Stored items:
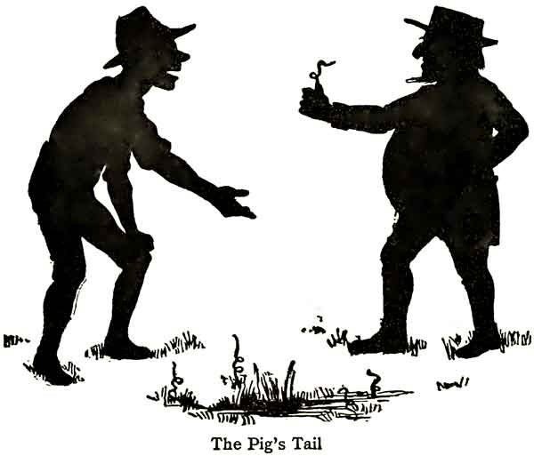So he went with Jack to the marsh, and when he saw the pigs' tails all peeping out the marsh he went and plucked one of them out of the ground, and Jack said:
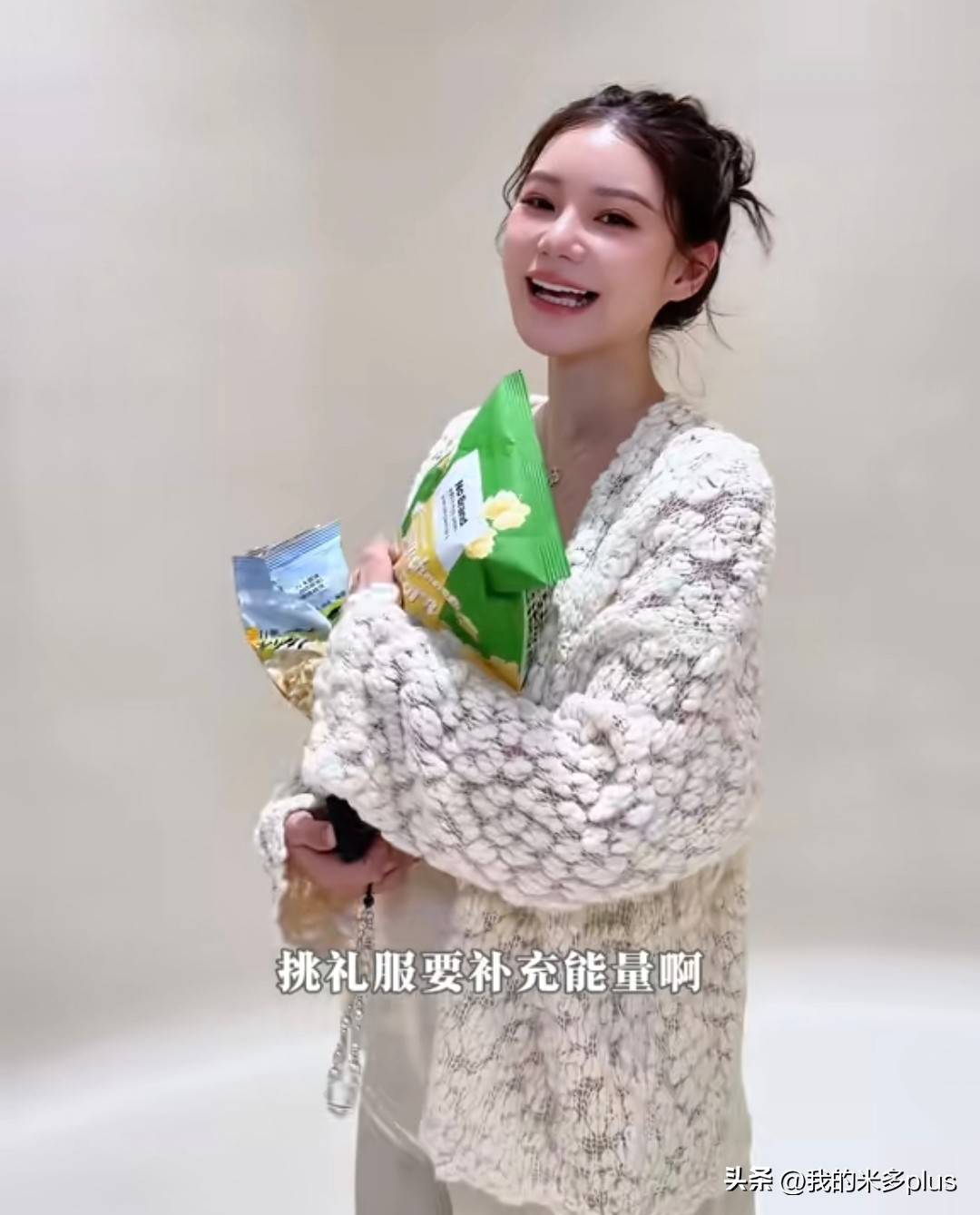 从侧面和背影看,她的身材曲线与孕前相比,并没有发生巨大的变化。虽然她每餐的菜品种类不少,但实际的进食量并不大,再加上她还坚持直播带货,一直保持着活力,所以整体看起来,身材并没有因为怀孕而显得臃肿。
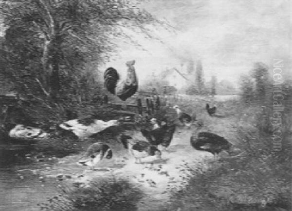 Federvieh In Einer Landschaft Oil Painting by Max Josef Haenger Sr.
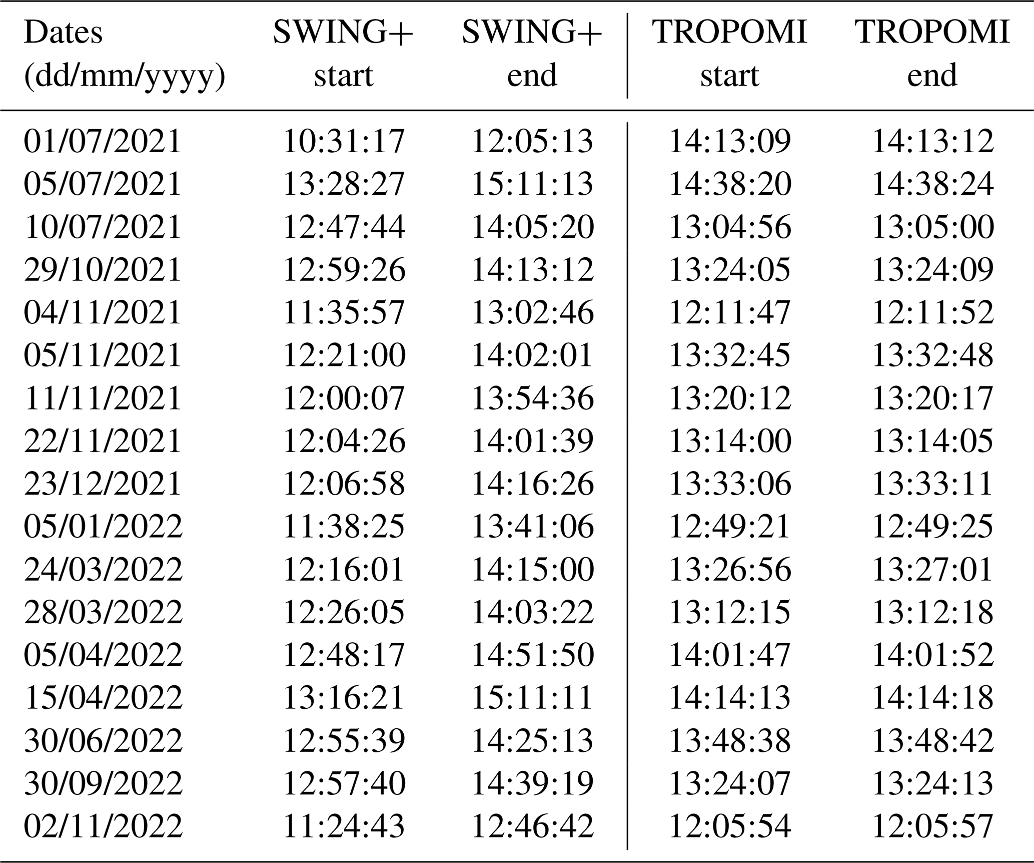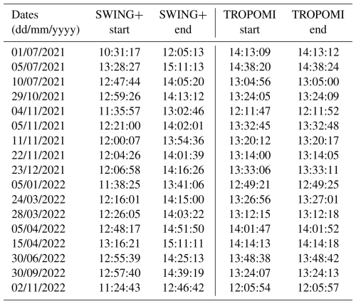 Table 1Acquisition start and end times (local time) of the SWING+ and TROPOMI instruments for each flight date over Bucharest.
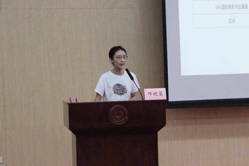 邓晓蓉同学上岸南开大学,她结合自己的实际经历,向同学们分享了自己在90天内重新换学校及调整备考状态的经历。她讲到,好的备考状态源于前期扎实的学习、后期的按部就班以及初心和勇毅的加持,并鼓励大家高度重视、科学规划,坦然面对人生路上不确定的因素。
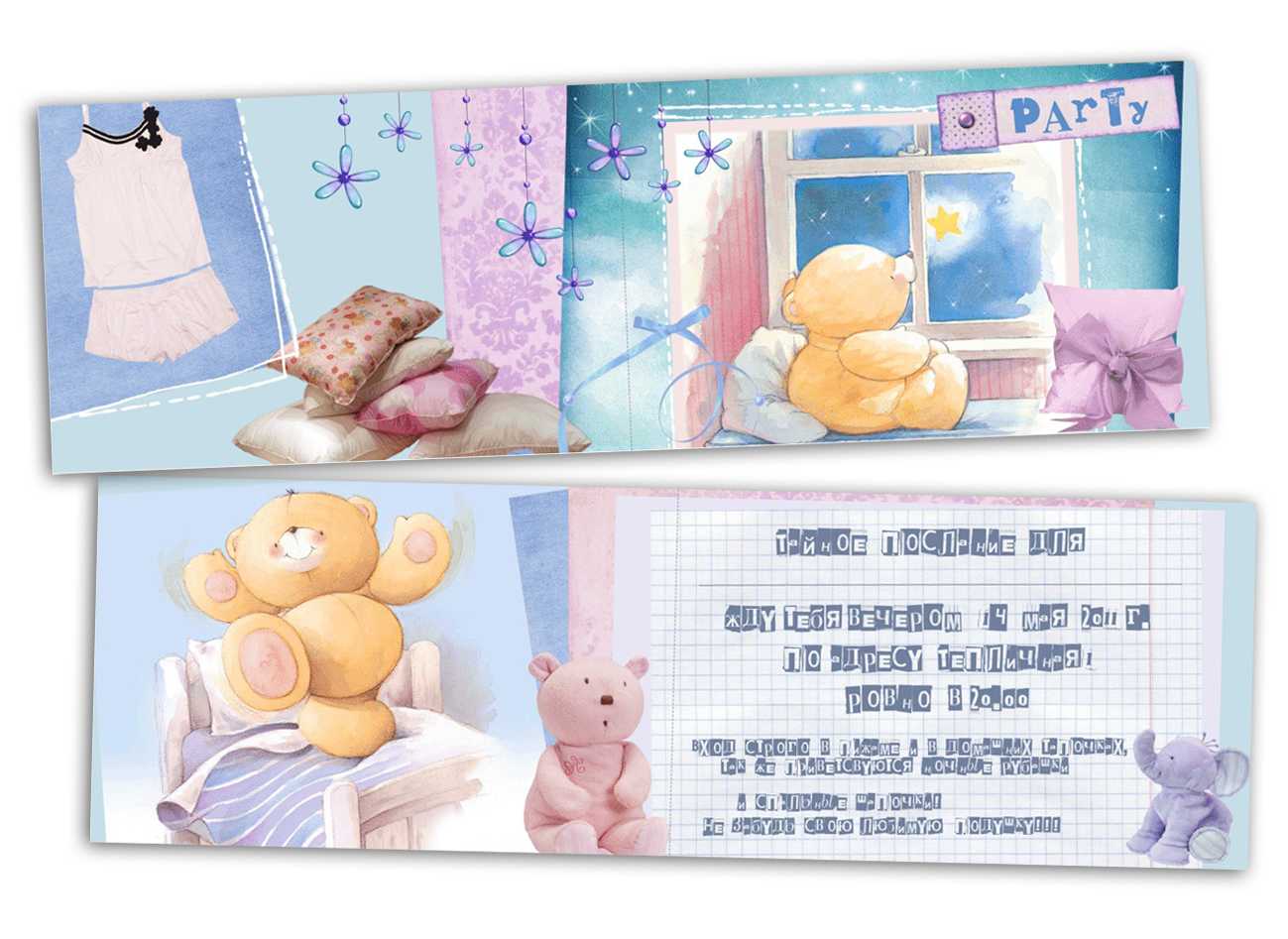 На первый взгляд, такой вариант приглашения может кому-то показаться детским и неприемлемым. Но на самом деле на пижамную вечеринку пригласительный и должен иметь такой «мимишный» вид и стиль. Если в вашей компании будут одни девчонки, тогда можете смело брать данный шаблон для себя.
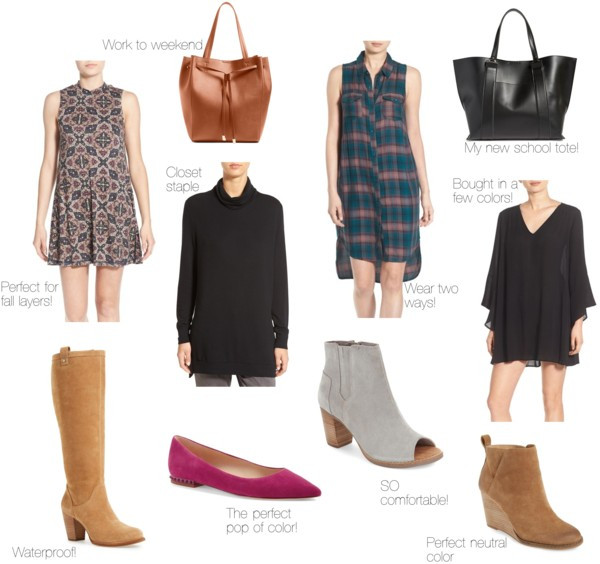 I love dresses because they are so easy to wear! I picked up multiple options because they are so easy to layer with leggings and sweaters in the frigid winter months! I bought a few different pairs of shoes, including some waterproof boots that are cute AND practical. Last but not least, a good school tote is a must. I lug a lot of papers and my work computer from home to school and need a sturdy, roomy bag that is also cute so I can take it from work to date night!
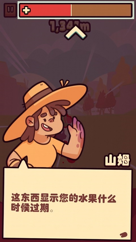 3、如图,顶部进度条展示的是水果过期时间。苹果在地面上,或者您撞上东西时,即视为掉落。使苹果在空中停留更久,可减少过期时间。
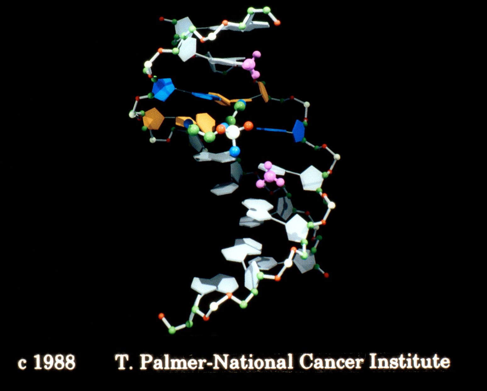 - Simulated Cytotoxic Anticancer Drug-DNA Crosslink by Thomas C. Palmer with locally developed modeling and ray tracing software on a Silicon Graphics IRIS 4D/60T A schematic visualization of a simulated covalent attachment of the anticancer drug phosphoramide mustard between two strands of helical DNA. The formation of this interstrand crosslink to the D ‘A in cancer cells renders the strands inseparable resulting in cell death. This structure was calculated using molecular dynamics methods on a Cray X/ MP. Molecular data: Dr. Frederick Hausheer. Visualization: Thomas C. Palmer and Dr. Frederick Hausheer. Contact: Thomas C. Palmer, National Cancer lnstitute-FCRF, P.O. Box B, Building 430, Frederick, MD 21701, (301)698-5797.?
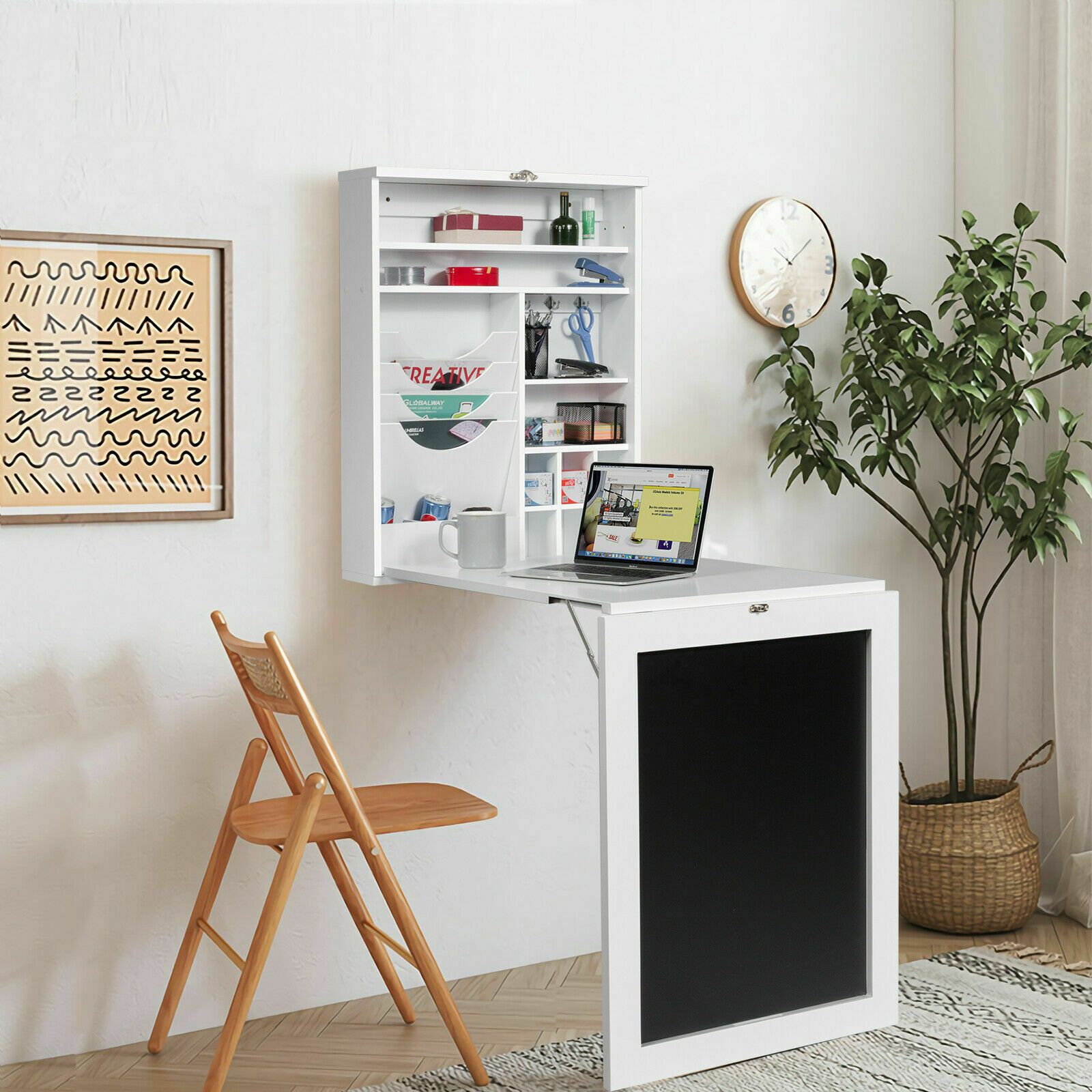 Folding wall mounted drop-leaf table, space saving floating computer desk with chalkboard and adjustable storage shelves
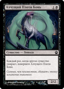 | Rules | Whenever another creature dies, tap Fleshmad Steed. |
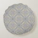 Octagons and Circles Retro Pattern Round Throw Pillow. A grey and cream yellow chic geometric, for everyday living and entertaining in a seamless pattern design. Trendy colours and style pillows for your couch, chair, bed, or patio. Works well with contemporary Mid Century modern style as well as eclectic vintage themes. I would be happy to rescale, tint, or design with you in mind, just message me to get started.
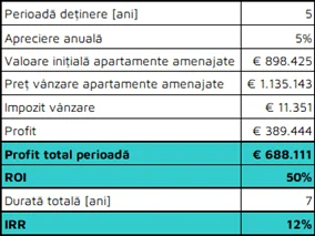 În plus, aprecierea valorii apartamentelor pe parcursul celor 5 ani contribuie semnificativ la randamentul total al investiției, făcând această strategie extrem de atractivă pentru investitori.
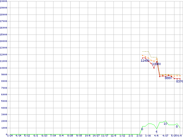 | Athlon 64 3500+ (2.2GHz,L2 512KB,TDP 45W)の価格推移 | | | (2006年3月24日~2007年6月8日) |

**Brief:**
Restate it all word for word: every record, no pictures.

**Solution to this task:**
So he went with Jack to the marsh, and when he saw the pigs' tails all peeping out the marsh he went and plucked one of them out of the ground, and Jack said:
 从侧面和背影看,她的身材曲线与孕前相比,并没有发生巨大的变化。虽然她每餐的菜品种类不少,但实际的进食量并不大,再加上她还坚持直播带货,一直保持着活力,所以整体看起来,身材并没有因为怀孕而显得臃肿。
 Federvieh In Einer Landschaft Oil Painting by Max Josef Haenger Sr.
 Table 1Acquisition start and end times (local time) of the SWING+ and TROPOMI instruments for each flight date over Bucharest.
 邓晓蓉同学上岸南开大学,她结合自己的实际经历,向同学们分享了自己在90天内重新换学校及调整备考状态的经历。她讲到,好的备考状态源于前期扎实的学习、后期的按部就班以及初心和勇毅的加持,并鼓励大家高度重视、科学规划,坦然面对人生路上不确定的因素。
 На первый взгляд, такой вариант приглашения может кому-то показаться детским и неприемлемым. Но на самом деле на пижамную вечеринку пригласительный и должен иметь такой «мимишный» вид и стиль. Если в вашей компании будут одни девчонки, тогда можете смело брать данный шаблон для себя.
 I love dresses because they are so easy to wear! I picked up multiple options because they are so easy to layer with leggings and sweaters in the frigid winter months! I bought a few different pairs of shoes, including some waterproof boots that are cute AND practical. Last but not least, a good school tote is a must. I lug a lot of papers and my work computer from home to school and need a sturdy, roomy bag that is also cute so I can take it from work to date night!
 3、如图,顶部进度条展示的是水果过期时间。苹果在地面上,或者您撞上东西时,即视为掉落。使苹果在空中停留更久,可减少过期时间。
 - Simulated Cytotoxic Anticancer Drug-DNA Crosslink by Thomas C. Palmer with locally developed modeling and ray tracing software on a Silicon Graphics IRIS 4D/60T A schematic visualization of a simulated covalent attachment of the anticancer drug phosphoramide mustard between two strands of helical DNA. The formation of this interstrand crosslink to the D ‘A in cancer cells renders the strands inseparable resulting in cell death. This structure was calculated using molecular dynamics methods on a Cray X/ MP. Molecular data: Dr. Frederick Hausheer. Visualization: Thomas C. Palmer and Dr. Frederick Hausheer. Contact: Thomas C. Palmer, National Cancer lnstitute-FCRF, P.O. Box B, Building 430, Frederick, MD 21701, (301)698-5797.?
 Folding wall mounted drop-leaf table, space saving floating computer desk with chalkboard and adjustable storage shelves
 | Rules | Whenever another creature dies, tap Fleshmad Steed. |
 Octagons and Circles Retro Pattern Round Throw Pillow. A grey and cream yellow chic geometric, for everyday living and entertaining in a seamless pattern design. Trendy colours and style pillows for your couch, chair, bed, or patio. Works well with contemporary Mid Century modern style as well as eclectic vintage themes. I would be happy to rescale, tint, or design with you in mind, just message me to get started.
 În plus, aprecierea valorii apartamentelor pe parcursul celor 5 ani contribuie semnificativ la randamentul total al investiției, făcând această strategie extrem de atractivă pentru investitori.
 | Athlon 64 3500+ (2.2GHz,L2 512KB,TDP 45W)の価格推移 | | | (2006年3月24日~2007年6月8日) |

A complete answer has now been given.